# We were just given free meat. Can our dogs eat this?



## counter (Feb 20, 2009)

The Holiday Helper Program just delivered a bunch of free goods to us, to include frozen human meat. We're strict vegetarians, so we can eat the other food, but I'd like to give the meat to our pups. I've fed them raw before, but it was prepackaged and made for dogs, so I knew they could eat that. However, I'm not so sure about these items. I'll list them so you all can offer feedback on what's OK and what might not be. Also, since they're frozen and some items have bones, do they need to thaw first, or can the dogs have them frozen and can they eat the bones?

- Trader Joes Natural Chicken Breast Tenders
- TJs Boneless/Skinless Chicken Breast Fillets
- TJs Natural Chicken Drumsticks
- TJs Butcher Shop Ground Beef 80/20
- Whole Foods Uncured Center Cut Smokehouse Bacon
- Nature's Rancher Uncured Beef Hot Dogs

I've read before that bacon/pork is not good for dogs, and I never find it as an ingrediant in dog kibble or prepackaged raw. Can they have the bacon?

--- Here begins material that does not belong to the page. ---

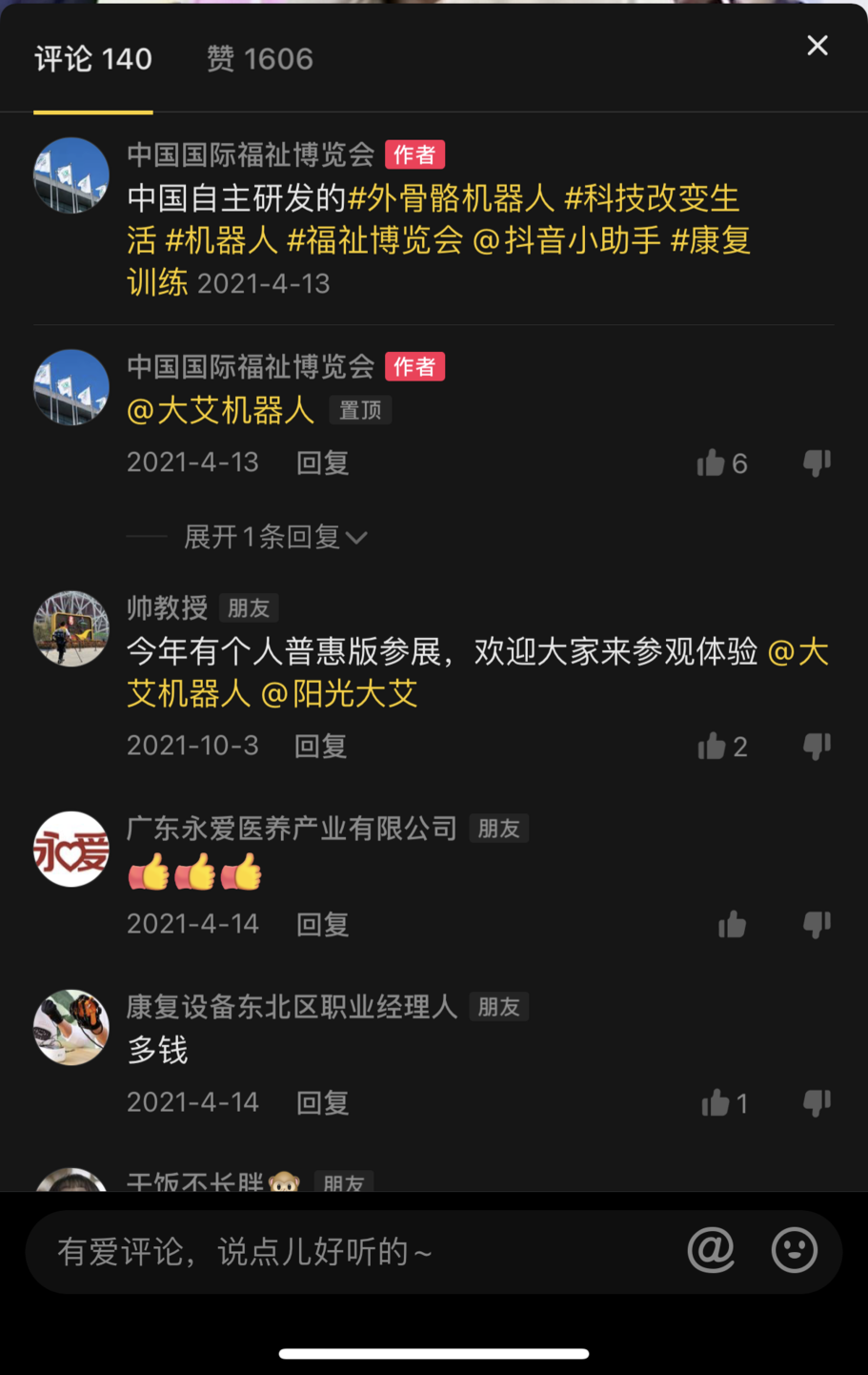 CR Expo通過抖音號發(fā)布大艾機器人部分新品,視頻瀏覽量達10萬+,互動量達200+,產(chǎn)品獲得了機構(gòu)用戶及個人用戶的關(guān)注。

Help if you can! Thanks in advance.


----------



## onyx'girl (May 18, 2007)

I give my dogs pork, unseasoned-not smoked. 
If you give the bacon, I'd go very small portion, like a training treat, see how they tolerate it. Should be no problem for most dogs with healthy digestive systems.
The other stuff looks just fine!


----------



## counter (Feb 20, 2009)

Thanks for the info on the bacon.

Can they eat the drumsticks and bone frozen, or do I need to thaw them out first?


----------



## onyx'girl (May 18, 2007)

Do you rawfeed now and then? I would offer them thawed, but dogs eat the frozen readily too. Many times they will gulp down a leg or thigh if they are thawed, frozen will slow them down a bit.


----------



## counter (Feb 20, 2009)

After we rescued Beowulf and realized each dog was eating $100+ worth of raw food a month, we had to go back to kibble. We couldn't afford $300 a month in raw. We're looking for cheaper, but healthy, alternatives now, so I can supplement with raw or go back to raw 100%, as long as we can afford it.


----------



## counter (Feb 20, 2009)

So I gave them the drumsticks and the breast tenders. Paw Paw and Nara took their time gnawing and enjoying each piece. Beowulf WOLFED each one down in like 3 CHOMPS. He barely even chewed them, including the ones with bones. It's either because he was starved as a pup, or it's the wolf in him (if he has any wolf in him). I hope his stomach will be OK. I'll be watching him closely. He tried to take one out of my hand and nearly removed my pinky finger. He got punished for that! Poor lil hungry man.


----------



## Verivus (Nov 7, 2010)

He should be fine.


----------



## JKlatsky (Apr 21, 2007)

counter said:


> The Holiday Helper Program just delivered a bunch of free goods to us, *to include frozen human meat*. We're strict vegetarians, so we can eat the other food, but I'd like to give the meat to our pups.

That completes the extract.